RT Cunningham


Virtual Server Management as a Path to Web Development

virtual server administration Virtual server management is something I’ve been doing for years. First, I managed my own virtual server at Media Temple. Now I manage one at DigitalOcean (they call it a “droplet”). And yes, that’s an affiliate link.

Before Media Temple, I hopped from one shared web hosting provider to another. I would never wish shared web hosting on anyone.

Virtual Server Operating Systems

When you sign up for a self-managed virtual server, you get to choose your operating system. Some providers offer just about everything and some just offer one Linux distribution or another. DigitalOcean offers FreeBSD as well as some Linux distributions.

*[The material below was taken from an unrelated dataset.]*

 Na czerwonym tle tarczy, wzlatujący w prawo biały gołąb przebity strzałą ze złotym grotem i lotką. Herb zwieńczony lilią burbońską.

I always go with the latest version of Ubuntu because of all the support I can find on the web for it. It works well as a server operating system, although I prefer Linux Mint for the desktop (which is based on Debian and Ubuntu). In my situation, virtual server management is the same as Linux server management.

Virtual Server Management

I like DigitalOcean for multiple reasons and DNS management is one of them. There isn’t anything I don’t like, that I can think of.

When a previous version of Ubuntu neared its end of life, I was able to set up a new droplet and discard the old one, without any assistance from DigitalOcean technicians. As far as I can remember, I’ve never sent a support request of any kind.

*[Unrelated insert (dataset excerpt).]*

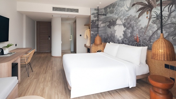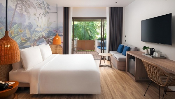 Deluxe kertre néző kétágyas szoba: kb. 43 m?, klimatizált, félnyitott fürdőszoba (zuhanyzó, WC, hajszárító, kozmetikai csomag, köntös és papucs), vezeték nélküli internet, smart TV, telefon, széf, kávé-/teafőző készlet, kis hűtőszekrény, erkély (asztal és székek), kertre néző kilátás.

I spent some time hardening my side of the network until DigitalOcean introduced network firewalls a couple of years ago. It made much of my previous work redundant. DigitalOcean seems to be constantly updating and introducing new features and services.

Management Tools

When you sign up for a virtual server, you need to keep all the information the provider gives you. I’m talking about things like the root password and the server IP address. You need software to manage your virtual server unless, of course, you consider yourself a command line commando. If you are, you can probably do almost everything from the command line. I’m not and I can’t.

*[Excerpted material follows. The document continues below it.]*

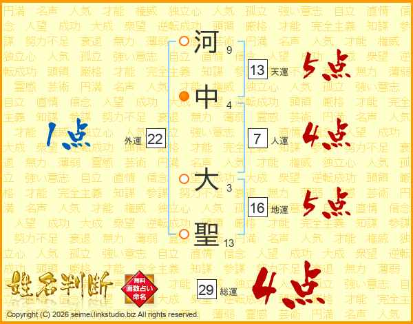 あなたの人生を表す1番重要な運勢です。生涯を通じて影響する総合運となり、主に50歳以降の晩年期に影響を及ぼします。苗字と名前の合計画数。

I use PuTTY to connect to my server using public key authentication. I use PHP scripts to parse log files and I use FileZilla to download the results. Geany is my text editor on Linux and Notepad++ is my text editor on Windows.

Server Software

I use Apt to install, update and remove software from my virtual server. I don’t have anything installed that I won’t use. Here’s a short list of most of the software on the server, that I personally installed:

I configure everything on my own. It isn’t hard to do once you become familiar with each software package.

Web Development

I spend far more time creating and editing scripts with PHP than anything else, probably more time than writing articles. I’m constantly trying to improve performance and find better ways to do the things I do regularly.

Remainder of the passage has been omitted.